The application of whole-genome sequencing (WGS) in our case provided high-resolution insight—confirming toxin gene presence, strain lineage, and resistance profiles. Beyond diagnosis, WGS facilitated targeted clinical interventions: prompt catheter removal, optimized antibiotic therapy, and heightened infection control awareness [26]. This mirrors broader trends favoring WGS in NICU surveillance: it allows differentiation between colonization and infection, enables tracing transmission events, and supports tailored decolonization strategies [27].
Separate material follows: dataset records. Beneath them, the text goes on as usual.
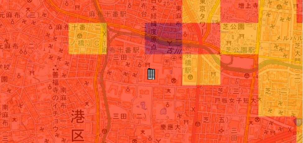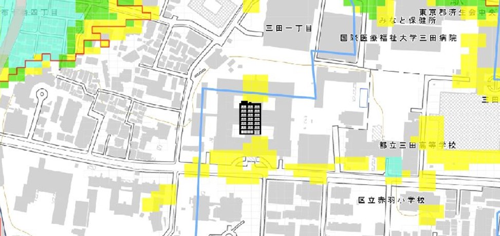 東京都の「地震に関する地域危険度測定調査」によると、「三田1丁目」の地域危険度は“1”(※)であり、災害に強い地域であるとされています。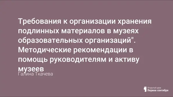 Цель методических материалов: познакомить с основными правилами хранения подлинных экспонатов в музеях образовательных учреждений, расширить круг знаний о работе школьных музеев. Материал можно использовать в работе школьного музея, на методических объединениях руководителей и актива школьных музеев. Результаты могут быть использованы в структуре курсов по историческому краеведению в образовательных учреждениях.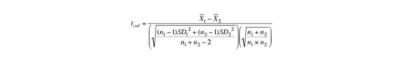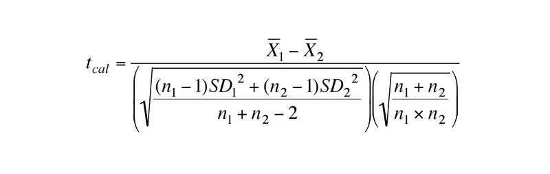 The t-test calculates a factor called the tcal by using the means, SDs, and the number of data points in each sample. Sometimes when calculated digitally, it is designated the tstat. The numerator of the tcal is a measure of the difference between the means of the samples;ts denominator is a measure of the their average variability (pooled variance), taking sample size into account. The order in which you enter the means will determine the sign of your tcal, but this does not affect its interpretation. Always report the absolute value of tcal.

The management strategy was exemplary: empiric vancomycin was initiated promptly, with a switch to oxacillin once susceptibility results were available, according to pediatric infectious disease guidelines [10]. Removal of the central venous catheter was a decisive intervention, eliminating a probable source of bacteremia and toxin dissemination. The infant’s rapid regression of lesions, weight gain, and stabilization highlight the benefits of early multidisciplinary involvement, combining antimicrobial stewardship, invasive device management, and supportive care. The successful clinical course parallels the generally favorable prognosis in pediatric SSSS when appropriate interventions are timely [10].

5. Conclusions

This case highlights the importance of early recognition and prompt management of staphylococcal scalded skin syndrome in preterm neonates, particularly in the context of toxin-producing S. aureus strains. The identification of an ST121 isolate carrying both eta and etb genes through next-generation sequencing underscores the clinical value of genomic tools in guiding targeted therapy and informing infection control measures. Our findings add to the growing body of literature on the molecular epidemiology of SSSS and emphasize the role of genomic surveillance in optimizing neonatal care and preventing outbreaks in vulnerable populations.